▸ What to produce:
Repeat the entries below exactly, pictures excluded.

▸ Information:
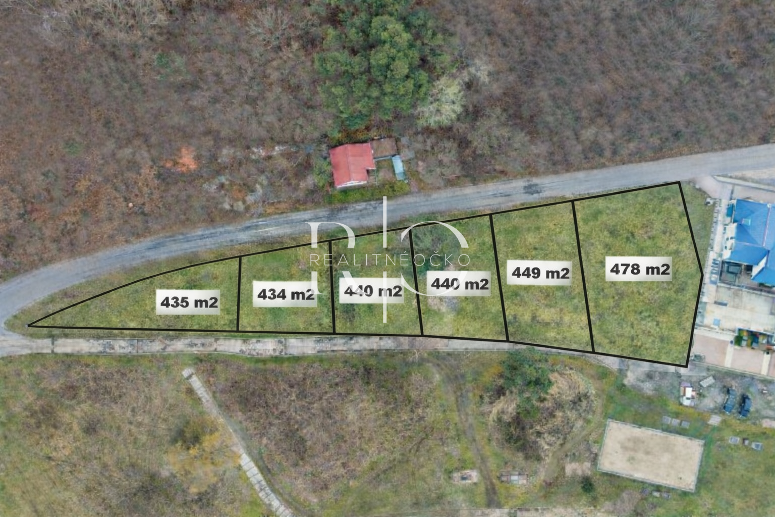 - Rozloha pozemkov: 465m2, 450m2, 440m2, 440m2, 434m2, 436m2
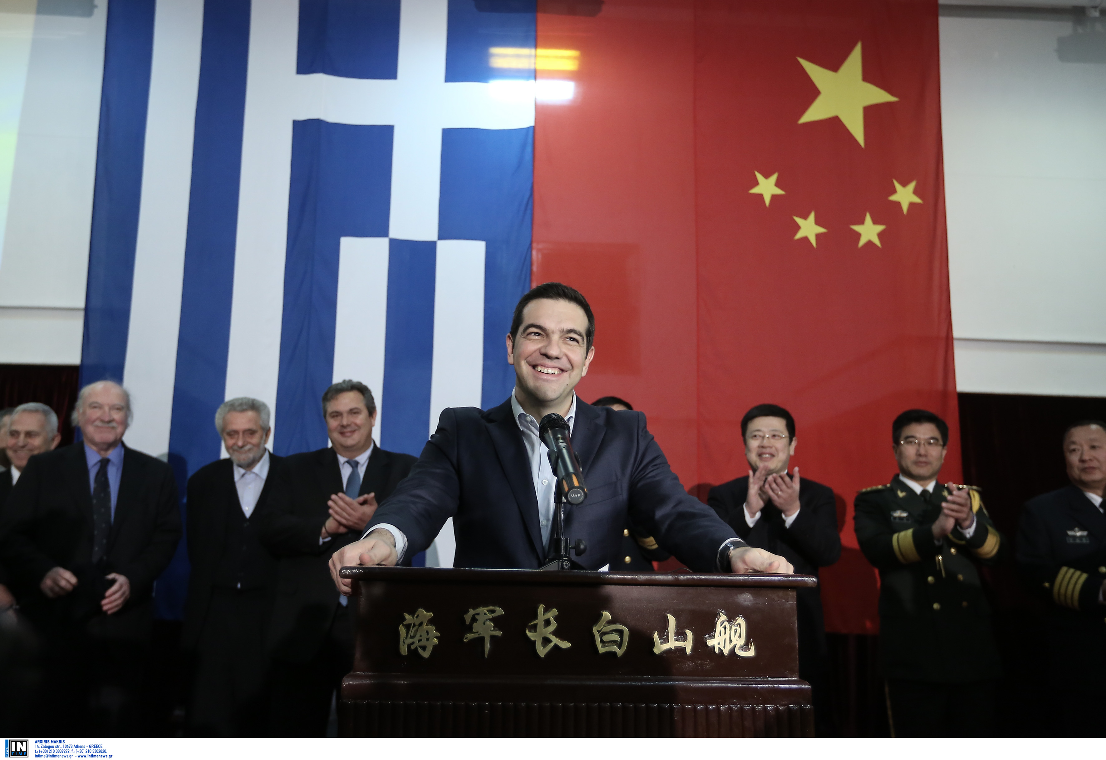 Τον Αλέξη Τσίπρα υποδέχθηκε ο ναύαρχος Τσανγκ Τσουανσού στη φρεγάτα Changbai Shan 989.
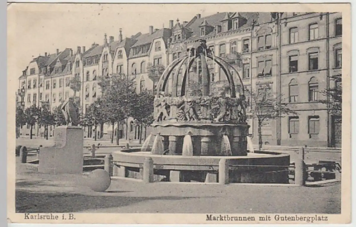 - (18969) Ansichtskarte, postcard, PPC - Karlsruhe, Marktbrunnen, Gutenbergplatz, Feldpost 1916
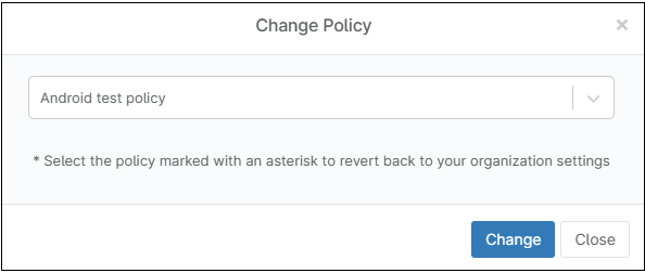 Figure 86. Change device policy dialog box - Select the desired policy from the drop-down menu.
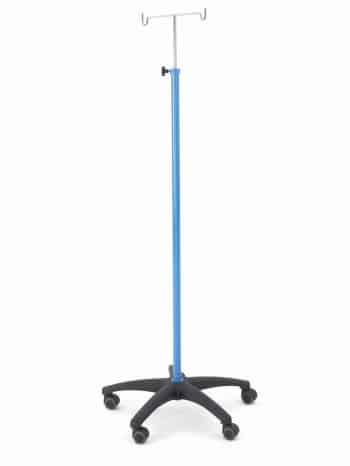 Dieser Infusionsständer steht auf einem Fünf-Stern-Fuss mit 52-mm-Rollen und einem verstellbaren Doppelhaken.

▸ Answer space:
 - Rozloha pozemkov: 465m2, 450m2, 440m2, 440m2, 434m2, 436m2
 Τον Αλέξη Τσίπρα υποδέχθηκε ο ναύαρχος Τσανγκ Τσουανσού στη φρεγάτα Changbai Shan 989.
 - (18969) Ansichtskarte, postcard, PPC - Karlsruhe, Marktbrunnen, Gutenbergplatz, Feldpost 1916
 Figure 86. Change device policy dialog box - Select the desired policy from the drop-down menu.
 Dieser Infusionsständer steht auf einem Fünf-Stern-Fuss mit 52-mm-Rollen und einem verstellbaren Doppelhaken.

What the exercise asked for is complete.